Who gives a crap about what other people think.  Do you want to be a MP?  Then don't worry about what other people think.  I am sure that MPs don't care if some dick head calls them meatheads as long as they obey the rules.  Stop stirring the pot and concentrate on getting through the process and doing well.  For future reference the word is whether not weather.


----------



## SeanNewman (30 Jun 2010)

IMO I think MPs generally get a bad rep that is for the most part un-earned.

On operations I have seen some very useful and keen ones attached to the Infantry to take care of detainee-type issues.

In Garrison I have been in a few situations that weren't necessarily illegal but the MP could have gone either way about it, and every time the MP has given me the benefit of the doubt so I have a lot of time for them.  I'm not talking about them not doing their job or anything and looking the other way as something bad happens, but more like getting pulled over for doing a couple over and not getting a ticket.

That being said, a lot of the bad taste comes from the perception that MPs don't have much to do other than look for troops to do things that they can be caught for (partying in the shacks, speeding, etc).  While I make no attempt to speak for every soldier, the ones I have heard talk about MPs seem to feel as if MPs only exist to make their lives harder.  Perhaps they feel like they should get a free ride on base and never be punished (?)

But as I wrote, every MP I have dealt with seems to understand the difference between someone who has just had a few too many and needs to be shown the way to a bed and someone who is dangerously drunk and out to hurt someone.  And the difference between someone going a bit too fast too or from work and someone who is doing burnouts and 100 km/h wheelies on base.

One area I think the MPs deserve a lot of credit for is what they have done in Cyprus during the soldiers' decompression.  If there isn't a feeling of "same team" while in Canada, I certainly got that feeling there when the MPs went out of their way to provide top cover for the troops who went too far.


----------



## dogger1936 (30 Jun 2010)

I got nothing but the utmost respect for them personally. They deal with all the problem children here on the base. Drug users, drunks and general morons. I have NEVER had a issue with a MP. I have broken the law and have gotten warnings from MP's (rolling stop) but really who's fault is that? I'm glad there there on base. Otherwise it would be like too "fast too furious" around here.

Are there idiot MP's? I'm sure there is...just like moron tank drivers and section commanders etc.

I respect them and their job, same as  I would a clerk, firefighter etc. They do a difficult job I wouldn't  want to do and keep things safe here on the homefront. 

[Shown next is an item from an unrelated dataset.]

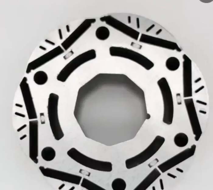 转子错极结构 磁极偏移 磁极偏移与转子磁极分段错位类似,对于2p个磁极才能够原来均布位置改为圆周方向偏移,这样相当于在一个基波齿槽周期内有分段磁极2p段,除了2p次及其倍数次谐波外,其他齿槽转矩都得到削弱。但是,磁极偏移会引入转子不平衡磁拉力问题。例如,对于4极24槽电机,采用磁极偏移方法后,齿槽转矩从0.2Nm降低至0.02Nm。笔者曾经拆解过瑞诺的伺服电机,该电机就是采用的磁极偏移的方式来降低齿槽转矩。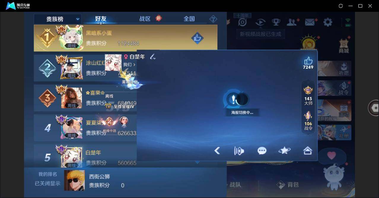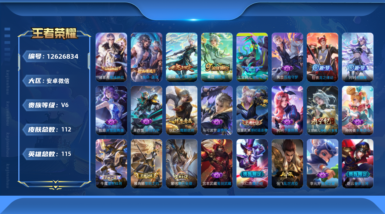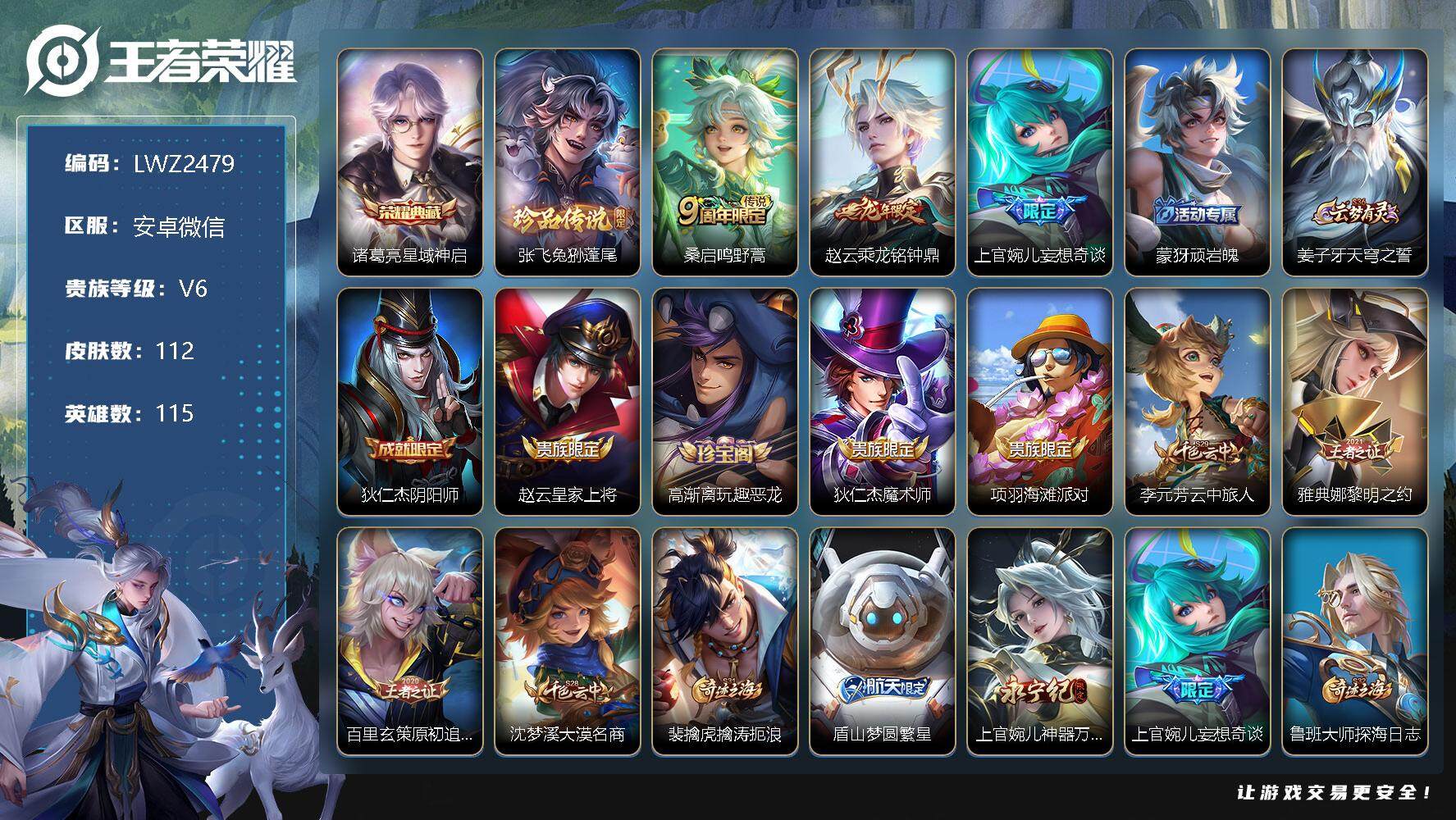 [12626834]游走40段/安卓WX-V6-最强王者段位-115英雄-112皮肤-1典藏-1珍品传说-3传说-21史诗 【英雄全皮】:孙权全皮 【荣耀典藏】:诸葛亮星域神启 【珍品传说】:张飞兔狲蓬尾 【传说皮肤】:桑启鸣野蒿,赵云乘龙铭钟鼎,上官婉儿妄想奇谈 【限定皮肤】:蒙犽顽岩魄,姜子牙天穹之誓,狄仁杰阴阳师,赵云皇家上将,高渐离玩趣恶龙,狄仁杰魔术师,项羽海滩派对,李元芳云中旅人,雅典娜黎明之约,百里玄策原初追逐者,沈梦溪大漠名商,裴擒虎擒涛扼浪,盾山梦圆繁星,上官婉儿神器万象笔,上官婉儿妄想奇谈,鲁班大师探海日志,桑启海盐诗旅,张良古海寻踪,蒙恬荣光圣徽,鬼谷子天穹祈灯,赵云乘龙铭钟鼎,沈梦溪龙舞盛年,刘邦剑破天穹,周瑜熔金海岸 【年限皮肤】:赵云乘龙铭钟鼎 【赛季限定】:张良古海寻踪,李元芳云中旅人,雅典娜黎明之约,百里玄策原初追逐者,沈梦溪大漠名商,裴擒虎擒涛扼浪,鲁班大师探海日志,桑启海盐诗旅,鬼谷子天穹祈灯,蒙恬荣光圣徽,刘邦剑破天穹,姜子牙天穹之誓 【史诗皮肤】:赵云皇家上将,甄姬冰雪圆舞曲,狄仁杰魔术师,宫本武藏鬼剑武藏,孙尚香水果甜心,张飞乱世虎臣,李元芳逐浪之夏,阿轲节奏热浪,狄仁杰鹰眼统帅,百里玄策原初追逐者,雅典娜黎明之约,盾山梦圆繁星,上官婉儿神器万象笔,莱西奥末日机甲,蒙恬荣光圣徽,蒙犽顽岩魄,马可波罗星界特工,牛魔星界战将,阿轲化蝶舞,狂铁龙之律动,黄忠百相守梦 【其他皮肤】:项羽海滩派对,韩信教廷特使,韩信街头霸王,露娜哥特玫瑰,赵云忍炎影,白起白色死神,牛魔西部大镖客,宫本武藏未来纪元,典韦黄金武士,亚瑟死亡骑士,达摩拳王,甄姬花好人间,狄仁杰阴阳师,孙尚香沉稳之力,李白敏锐之力,小乔丁香结,高渐离玩趣恶龙,盾山圆桌骑士,狂铁特工战影,鲁班大师乓乓大师,程咬金无双福将,沈梦溪大漠名商,李元芳云中旅人,戈娅危途狂花,桑启海盐诗旅,裴擒虎擒涛扼浪,太乙真人劲辣红锅,莱西奥西部游侠,鲁班大师探海日志,张良古海寻踪,钟无艳聚星闪耀,鬼谷子天穹祈灯,沈梦溪龙舞盛年,钟无艳春野之旅,刘邦剑破天穹,姜子牙天穹之誓,周瑜熔金海岸,盘古敬我三分,东皇太一噬灭天穹,干将莫邪雾都夜雨,苍苍林狼骑,太乙真人谧流熔炉,姜子牙星梦巡礼,明世隐景韶洛都,戈娅玫蓝誓约,刘备浪漫序章,钟馗虚灵犬护,苏烈春野闲踪,张良灵野札记,阿古朵布丁狗之约,甄姬逆浪荇歌,莱西奥踏浪烽翎,

On deployment nothing but good things to say.


----------



## greentoblue (30 Jun 2010)

Nobody really likes those who enforce the rules.  Look at the stereotype of internal affairs cops on TV shows.  That said I have had numerous interactions with MPs in garrison, the field and ops, and the ones I dealt with were all professional.  Where they tend to get a bad rap from is those MPs who are overzealous and tend to make even the slightest infraction a capital case.   Most of these guys tend to be new to the trade and direct entry from civvie street without the benefit of prior service in another trade.

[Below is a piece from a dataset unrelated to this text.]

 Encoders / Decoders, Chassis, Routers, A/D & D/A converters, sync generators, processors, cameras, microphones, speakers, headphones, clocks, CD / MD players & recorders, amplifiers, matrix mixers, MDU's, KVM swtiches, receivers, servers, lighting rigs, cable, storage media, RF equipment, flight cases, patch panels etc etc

But really soldiers are always grousing about some other trade.  If its not the MPs as glorified mall cops, its the clerks screwing up their claims, the air force staying in hotels, etc....


----------



## Northern Ranger (30 Jun 2010)

I had time for them up until I got a speeding ticket for doing 39 in a 35 school zone and was used as a training aid for the ojt wanna be that was riding with him. Yes 4 km over the limit in Shilo on a Sunday (1993).  I do wish that I was a bit older and wiser as I would have dealt with it differently, but as it was only something like a 54 dollar fine I paid it.

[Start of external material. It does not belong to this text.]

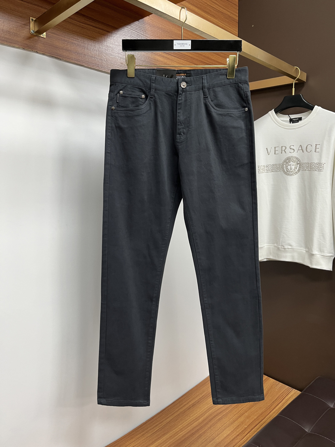 这款衣服是AAAAA 1:1 质量 (非常棒). 使用了和原版一模一样的材料. 商标部分也保持了和杰尼亚/Zegna一样. 图片拍摄是实物衣服拍摄, 您所收到的实物保证和我们图片一模一样.

Unknown to me, as I had just gotten back from Germany, I had only one merit point on my licence, the ticket made me loose that one point, as such my insurance went up 300 bucks for two years.  So for a long time I had no time for meatheads, however that has changed.


----------



## Fotoshark (1 Jul 2010)

Northern Ranger said:
			
		

> I had time for them up until I got a speeding ticket for doing 39 in a 35 school zone and was used as a training aid for the ojt wanna be that was riding with him. Yes 4 km over the limit in Shilo on a Sunday (1993).  I do wish that I was a bit older and wiser as I would have dealt with it differently, but as it was only something like a 54 dollar fine I paid it.
> 
> Unknown to me, as I had just gotten back from Germany, I had only one merit point on my licence, the ticket made me loose that one point, as such my insurance went up 300 bucks for two years.  So for a long time I had no time for meatheads, however that has changed.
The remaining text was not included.